*Exercise description*:
Given the entries below, would you transcribe exactly the lines starting at the one with "Ελαφριές καλοκαιρινές παντόφλες" and ending at the one with "Hombre Cruz Bandera", both kept, pictures omitted, nothing extra?

*Available data*:
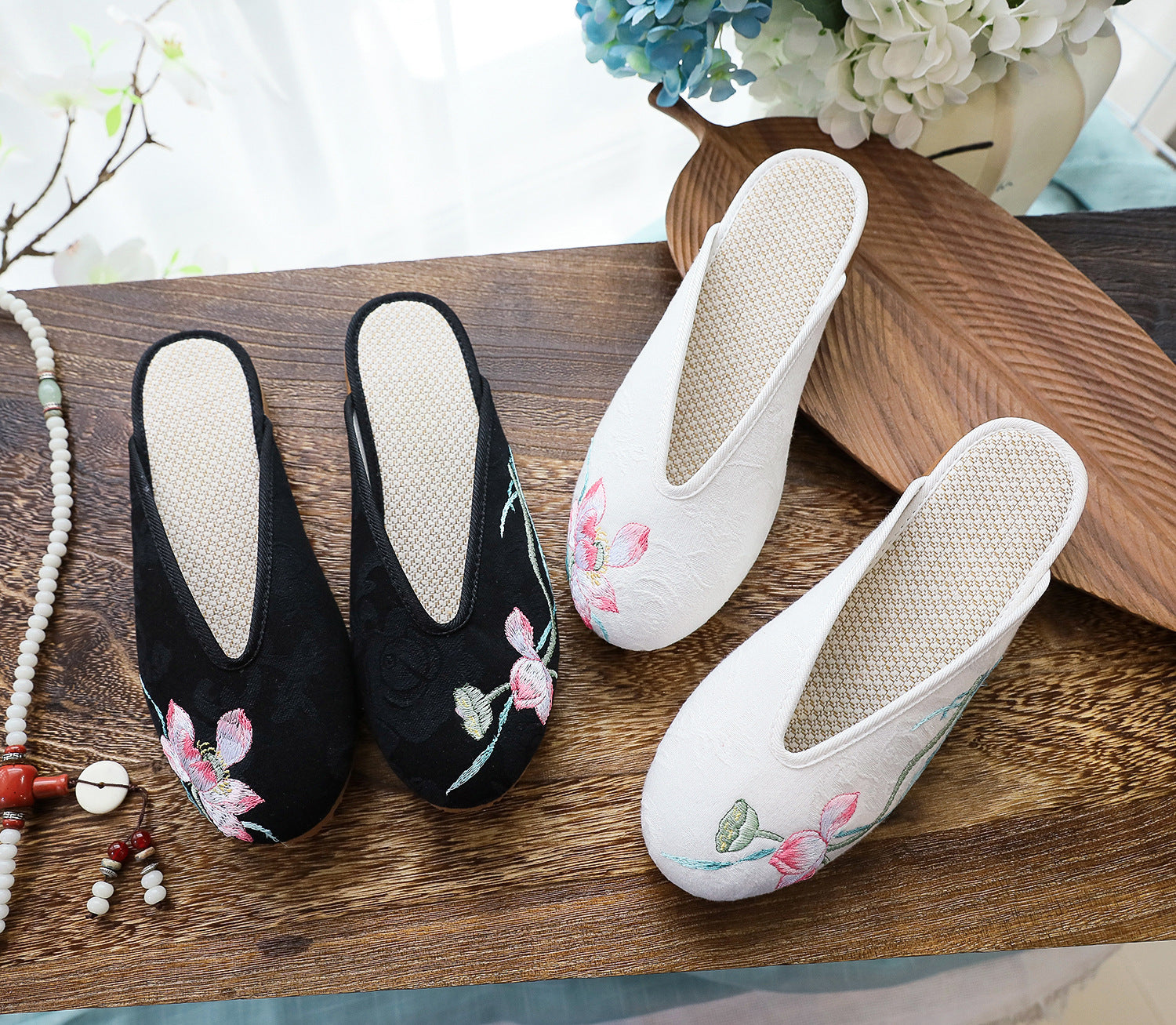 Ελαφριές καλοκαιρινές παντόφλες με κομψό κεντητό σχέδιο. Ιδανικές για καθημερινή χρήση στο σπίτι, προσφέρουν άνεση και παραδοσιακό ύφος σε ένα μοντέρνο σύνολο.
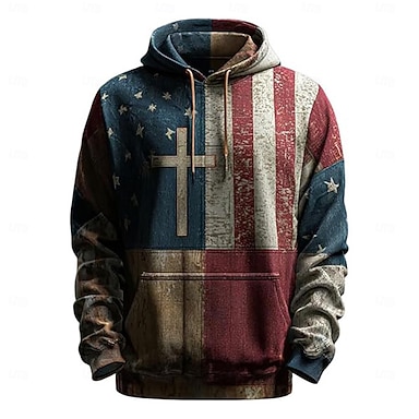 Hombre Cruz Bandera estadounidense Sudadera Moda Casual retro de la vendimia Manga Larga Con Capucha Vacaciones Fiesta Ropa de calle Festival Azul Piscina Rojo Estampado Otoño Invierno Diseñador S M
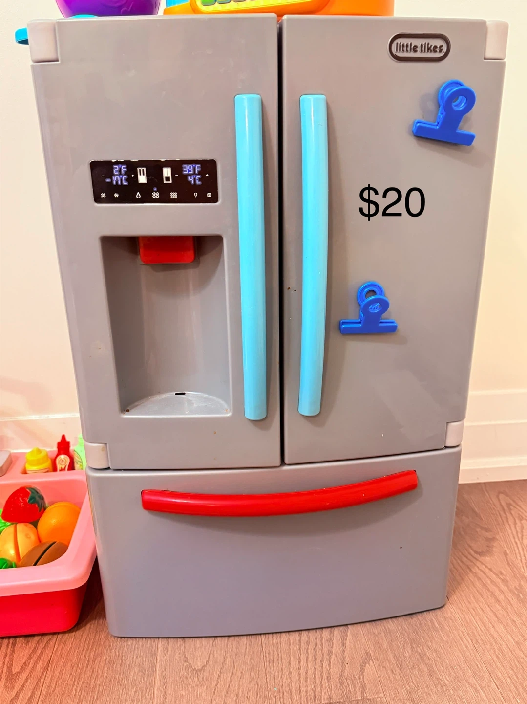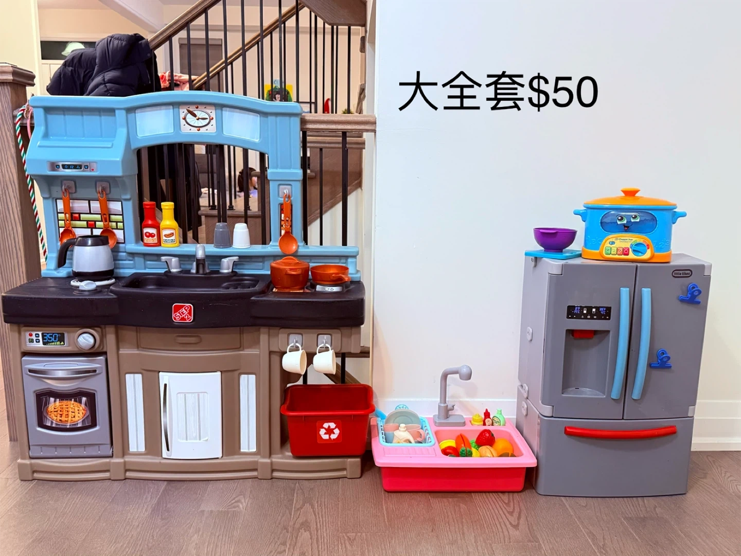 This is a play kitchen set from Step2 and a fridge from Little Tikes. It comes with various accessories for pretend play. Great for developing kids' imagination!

==

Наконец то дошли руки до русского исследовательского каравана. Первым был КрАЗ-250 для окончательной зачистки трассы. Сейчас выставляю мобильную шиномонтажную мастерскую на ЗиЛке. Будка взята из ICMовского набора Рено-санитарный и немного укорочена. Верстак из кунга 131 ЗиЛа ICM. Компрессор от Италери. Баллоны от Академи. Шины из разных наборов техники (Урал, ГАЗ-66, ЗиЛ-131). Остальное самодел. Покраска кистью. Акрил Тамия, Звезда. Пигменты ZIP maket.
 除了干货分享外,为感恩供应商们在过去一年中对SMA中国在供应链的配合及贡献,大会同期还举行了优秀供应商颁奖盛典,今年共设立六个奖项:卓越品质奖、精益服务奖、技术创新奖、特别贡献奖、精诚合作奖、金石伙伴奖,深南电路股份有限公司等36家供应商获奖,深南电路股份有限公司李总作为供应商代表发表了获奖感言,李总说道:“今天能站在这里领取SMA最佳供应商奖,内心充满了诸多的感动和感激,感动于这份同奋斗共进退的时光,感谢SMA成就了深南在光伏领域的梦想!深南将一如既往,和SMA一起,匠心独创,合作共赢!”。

*Answer to this task*:
 Ελαφριές καλοκαιρινές παντόφλες με κομψό κεντητό σχέδιο. Ιδανικές για καθημερινή χρήση στο σπίτι, προσφέρουν άνεση και παραδοσιακό ύφος σε ένα μοντέρνο σύνολο.
 Hombre Cruz Bandera estadounidense Sudadera Moda Casual retro de la vendimia Manga Larga Con Capucha Vacaciones Fiesta Ropa de calle Festival Azul Piscina Rojo Estampado Otoño Invierno Diseñador S M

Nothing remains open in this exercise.